The life sciences sector is undergoing significant transformational change driven by the increasing adoption of digital technologies. From artificial intelligence automating routine tasks, to cloud platforms and the Internet of Things (IoT) supporting R&D, organisations have been able to re-route talent and facilitate more efficient analysis of data, aiding drug discovery efforts.

Accelerated by the COVID-19 pandemic, the pace of digitisation across every stage of the product lifecycle has seen pharma companies scaling the production and supply of products to health organisations, whilst at the same time, facing pressure to develop new therapeutics and vaccines for the virus.

In efforts to meet demand and bring products to market quickly. The adoption of new technologies, and the new ways of working this brings, could mean cyber risk assessments have been de-prioritised, potentially leaving organisations exposed.

Cyber security risks in life sciences

Cyber criminals target businesses within the life science sector to obtain both the significant personal data they hold and the intellectual property on new drugs or diagnostic tools.

COVID-19 has accelerated cyber-criminal activity in every sector. According to the latest UK Government figures eight out of ten UK businesses say cyber security is a high priority for senior management1. Hardly surprising, as almost half have experienced a security breach or cyberattack in the past 12 months. But with just 11% of businesses thought to have a specific cyber insurance policy in place2, millions could be at risk.

The consequences of a cyber-attack on life science operations are severe for both a firms’ financial and reputational status. Life sciences companies should take a holistic approach to reviewing each stage of the product life cycle. Identifying vulnerabilities will allow companies to devise a robust risk mitigation plan.
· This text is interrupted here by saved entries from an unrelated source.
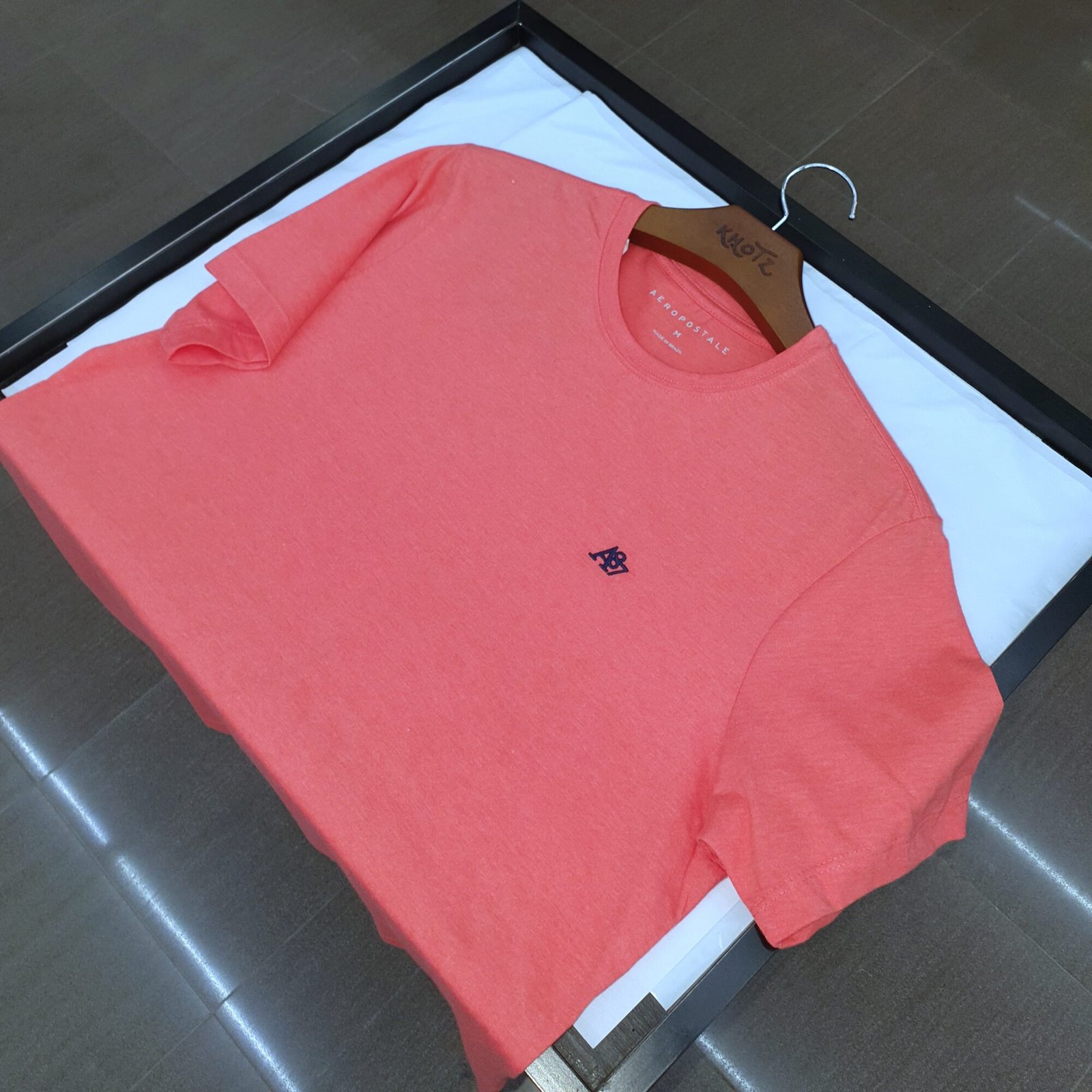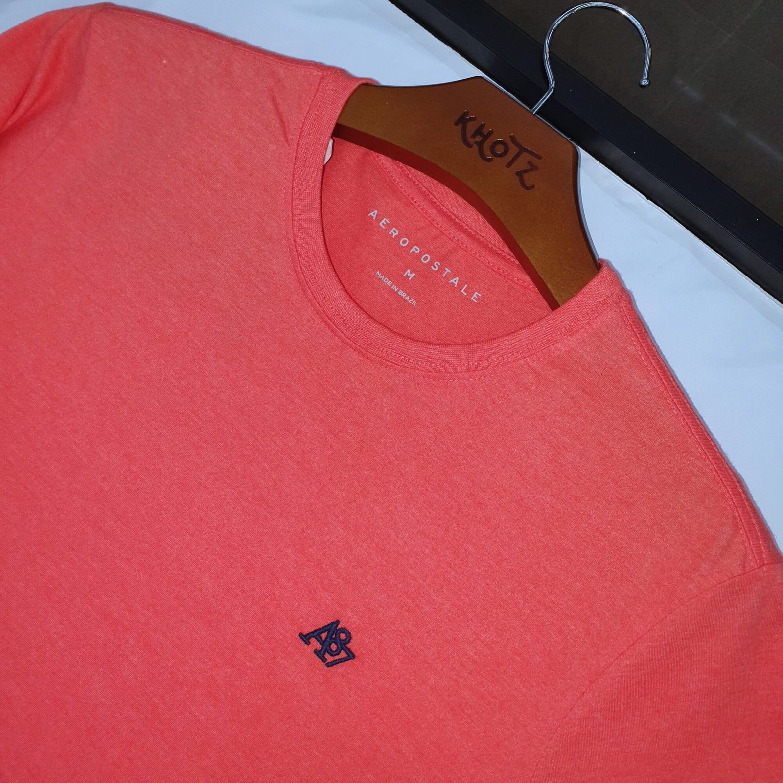 Camiseta Básica Aeropostale Masculina Salmão Mescla Logo Preto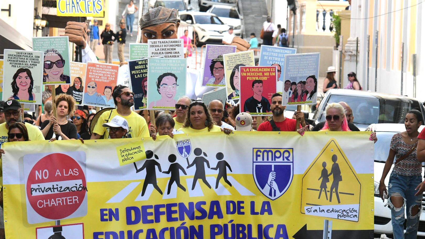 Una coalición de organizaciones convocada por la Federación de Maestros de Puerto Rico (FMPR) marchó esta tarde hasta La Fortaleza para denunciar la privatización del sistema público de enseñanza a través de la otorgación de contratos para escuelas chárter con fondos del erario.
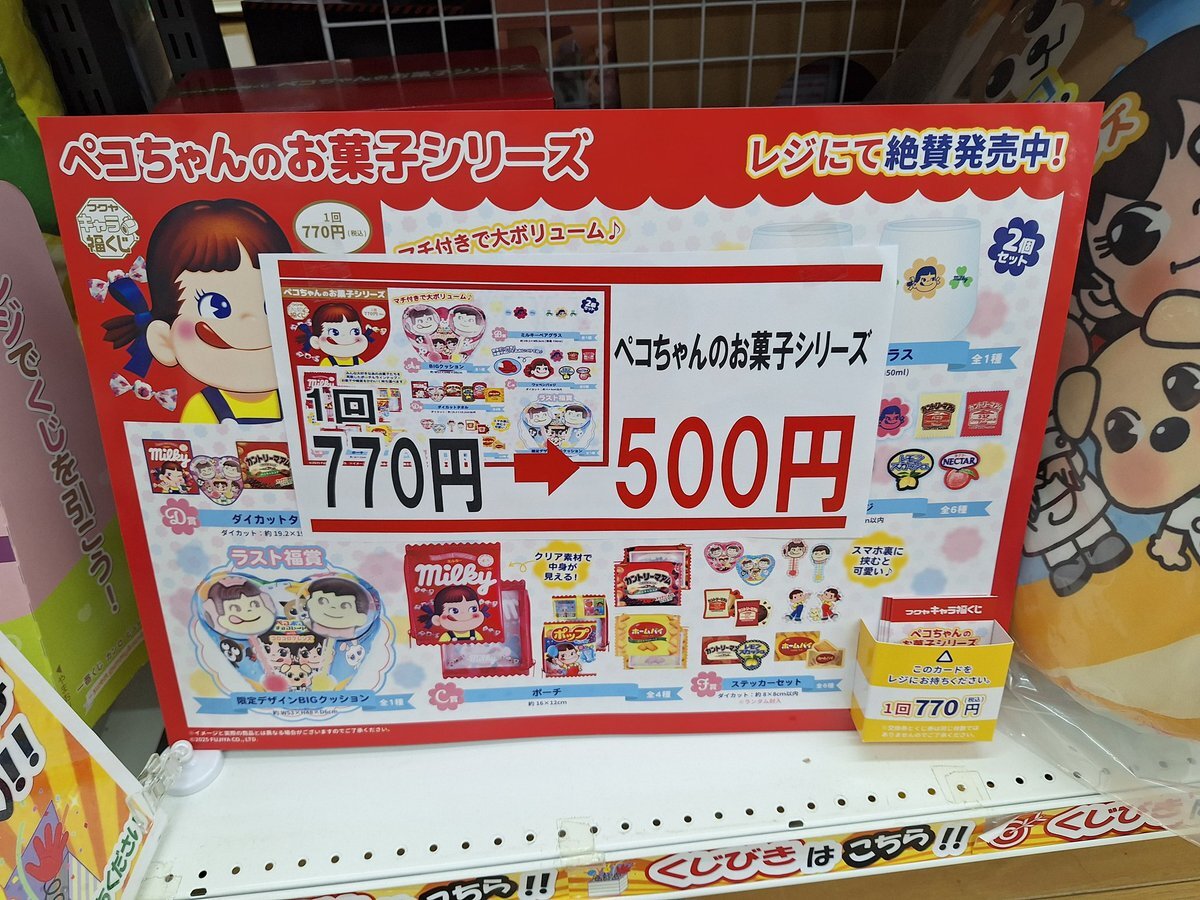 値下げしました〜📣 🍭 残り 64 回ツ‼️ 🍭 #キャラ福くじ  『ペコちゃんのお菓子シリーズ』 1回 500円(税込) 回数制限なし❣️ いっぱい引いてね〜ツฅ^•ω•^ฅ #ブックマーケット上飯野店 #富山県 #ペコちゃんのお菓子シリーズ #不二家 #ペコちゃん #不二家洋菓子店 pic.x.com/zprPRhbYhM x.com/bm_kamiiino/st…

Steps to take to mitigate cyber-security risks

Define your cyber-threats and consider the consequences

Undertake an exercise to identify the underlying cause of a cyber-threat. This can range from your network and anti-virus tools to employee training. Then consider the consequences of a cyber-attack. For example, liability to stakeholders, property and asset damage, reputational damage, and business interruption. And score cyber-loss scenarios based on likelihood and impact.

Quantify the level of cyber risk exposure

How much would need to be invested to manage and mitigate the risk of a data breach or system interruption? Consider how you can best optimise available risk transfer solutions.

Identify your cyber-security strengths and weaknesses

Evaluate what you do well to mitigate cyber-risks and where you can improve. Do this against a leading cyber security framework.  For example, benchmarking maturity across the five NIST Cyber Security Framework areas: Identify, Protect, Detect, Respond and Recover, can help you develop a balanced cyber mitigation and management strategy. Our cyber-security calculator may also be a good place to start.

Regularly review your cyber security initiatives

Once you’ve recognised that cyber-security is an ongoing activity that needs to be refreshed regularly, the more prepared you’ll be. Exercises such as compliance, low-level risk management processes, and technical evaluations at a project and operational level, should be refreshed more frequently.

Assess your risk appetite

If you’re considering new collaborations such as Joint Ventures or mergers and acquisitions, carefully evaluate the cyber-risk. Develop a cyber due diligence process alongside other areas of due diligence during a transaction to avoid unanticipated risk exposure.

Time for a fresh look at cyber risk?

A strategic overview of your cyber-security position goes beyond IT teams. When it comes to cyber, the risk can be mitigated, managed, and recovered from, but it cannot be eliminated. Taking a complete view of people, processes, and technology, and developing a culture of risk awareness and ownership from the top down across the organisation is essential.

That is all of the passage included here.